Starting from the line with "avocatul Lucian Rogac." and going up to and including the line with "6.12.1 Buy Michigan", copy the listing below exactly. Leave all images out.

■ **Dataset records**
___

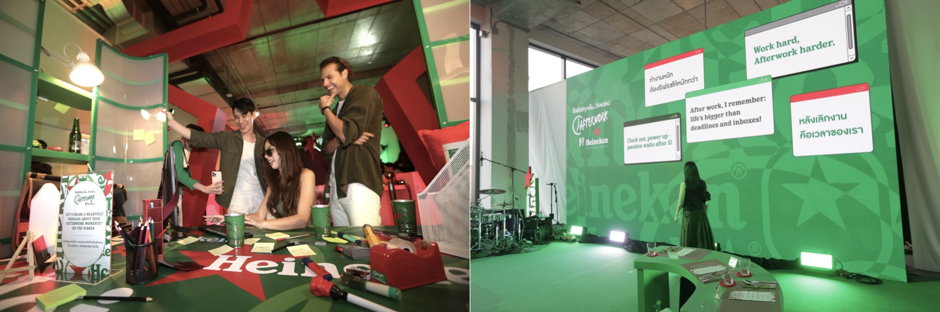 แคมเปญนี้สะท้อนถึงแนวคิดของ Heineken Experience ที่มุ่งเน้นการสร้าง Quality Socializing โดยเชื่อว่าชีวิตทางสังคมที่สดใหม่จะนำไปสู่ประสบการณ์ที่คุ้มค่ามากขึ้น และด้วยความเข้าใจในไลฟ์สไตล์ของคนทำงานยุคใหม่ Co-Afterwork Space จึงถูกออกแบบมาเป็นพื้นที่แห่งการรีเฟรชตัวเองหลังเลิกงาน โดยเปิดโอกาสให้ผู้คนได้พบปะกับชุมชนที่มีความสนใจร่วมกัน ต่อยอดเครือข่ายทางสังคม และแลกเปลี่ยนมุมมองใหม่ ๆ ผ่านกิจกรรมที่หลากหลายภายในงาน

___

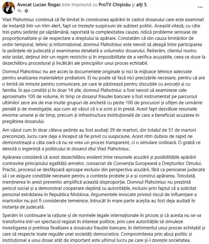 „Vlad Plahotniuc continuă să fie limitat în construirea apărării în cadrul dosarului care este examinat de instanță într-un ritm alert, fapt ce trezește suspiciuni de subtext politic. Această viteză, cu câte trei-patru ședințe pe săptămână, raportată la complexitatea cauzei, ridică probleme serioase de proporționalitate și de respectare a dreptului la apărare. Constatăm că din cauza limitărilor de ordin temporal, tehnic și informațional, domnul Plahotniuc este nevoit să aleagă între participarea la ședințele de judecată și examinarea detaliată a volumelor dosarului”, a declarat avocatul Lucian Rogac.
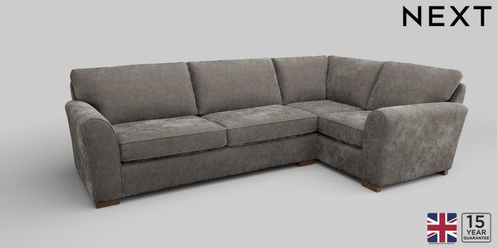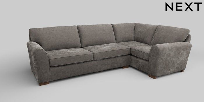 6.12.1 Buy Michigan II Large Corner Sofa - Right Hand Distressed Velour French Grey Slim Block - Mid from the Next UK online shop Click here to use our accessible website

___

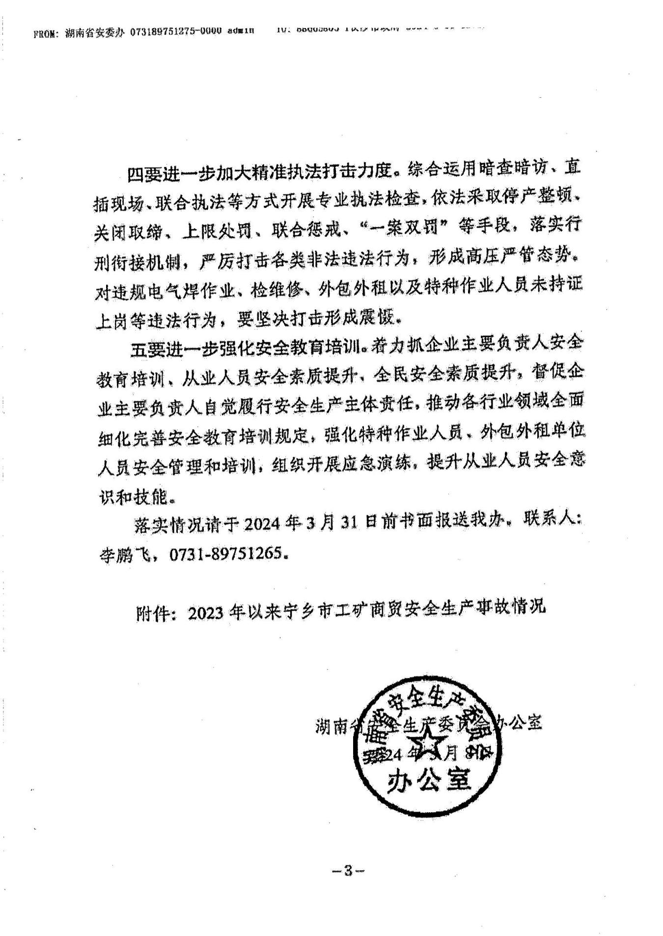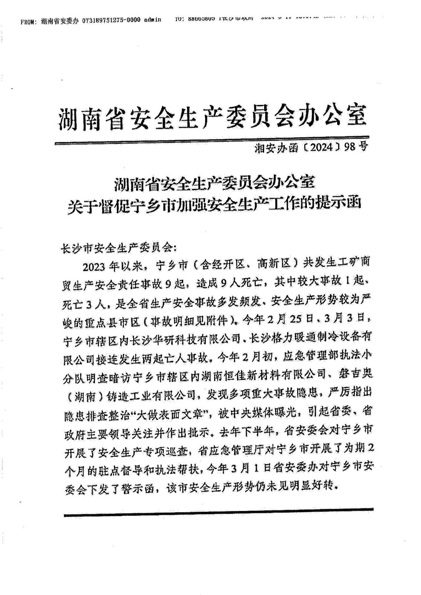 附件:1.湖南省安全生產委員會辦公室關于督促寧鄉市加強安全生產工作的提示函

___

■ **Solved exercise**
 „Vlad Plahotniuc continuă să fie limitat în construirea apărării în cadrul dosarului care este examinat de instanță într-un ritm alert, fapt ce trezește suspiciuni de subtext politic. Această viteză, cu câte trei-patru ședințe pe săptămână, raportată la complexitatea cauzei, ridică probleme serioase de proporționalitate și de respectare a dreptului la apărare. Constatăm că din cauza limitărilor de ordin temporal, tehnic și informațional, domnul Plahotniuc este nevoit să aleagă între participarea la ședințele de judecată și examinarea detaliată a volumelor dosarului”, a declarat avocatul Lucian Rogac.
 6.12.1 Buy Michigan II Large Corner Sofa - Right Hand Distressed Velour French Grey Slim Block - Mid from the Next UK online shop Click here to use our accessible website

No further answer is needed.